Commit 0f20676e99 for openssl.org
commit 0f20676e992f00b0335e2008f504afaa00bb8e40
Author: Joshua Rogers <MegaManSec@users.noreply.github.com>
Date: Sun Oct 12 21:35:47 2025 +0800
quic: remove dead VERSION_NEG handling in ch_rx_handle_packet
VERSION_NEG packets are handled and returned from earlier in the function.
The later switch case and its helper are unreachable and contradictory.
Remove them to avoid confusion and future behavior drift.
Signed-off-by: Joshua Rogers <MegaManSec@users.noreply.github.com>
Reviewed-by: Saša NedvÄ›dický <sashan@openssl.org>
Reviewed-by: Tim Hudson <tjh@openssl.org>
Reviewed-by: Tomas Mraz <tomas@openssl.org>
MergeDate: Mon Jan 12 18:54:09 2026
(Merged from https://github.com/openssl/openssl/pull/28920)

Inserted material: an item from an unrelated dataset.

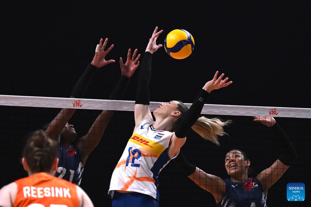 MACAO, 1 junio, 2024 (Xinhua) -- Imagen del 31 de mayo de 2024 de Britt Bongaerts (2-d), de Países Bajos, compitiendo durante el partido preliminar entre Países Bajos y República Dominicana de la Liga de Naciones de Voleibol 2024 femenina de Macao, en Macao, en el sur de China. (Xinhua/Guo Yuqi)

diff --git a/ssl/quic/quic_channel.c b/ssl/quic/quic_channel.c
index 425b0dee1b..a9c9a954e6 100644
--- a/ssl/quic/quic_channel.c
+++ b/ssl/quic/quic_channel.c
@@ -97,8 +97,6 @@ static void ch_start_terminating(QUIC_CHANNEL *ch,
int force_immediate);
static void ch_on_txp_ack_tx(const OSSL_QUIC_FRAME_ACK *ack, uint32_t pn_space,
void *arg);
-static void ch_rx_handle_version_neg(QUIC_CHANNEL *ch, OSSL_QRX_PKT *pkt);
-static void ch_raise_version_neg_failure(QUIC_CHANNEL *ch);
static void ch_record_state_transition(QUIC_CHANNEL *ch, uint32_t new_state);
DEFINE_LHASH_OF_EX(QUIC_SRT_ELEM);
@@ -2656,63 +2654,12 @@ static void ch_rx_handle_packet(QUIC_CHANNEL *ch, int channel_only)
break;
- case QUIC_PKT_TYPE_VERSION_NEG:
- /*
- * "A client MUST discard any Version Negotiation packet if it has
- * received and successfully processed any other packet."
- */
- if (!old_have_processed_any_pkt)
- ch_rx_handle_version_neg(ch, ch->qrx_pkt);
-
- break;
-
default:
assert(0);
break;
}
}
-static void ch_rx_handle_version_neg(QUIC_CHANNEL *ch, OSSL_QRX_PKT *pkt)
-{
- /*
- * We do not support version negotiation at this time. As per RFC 9000 s.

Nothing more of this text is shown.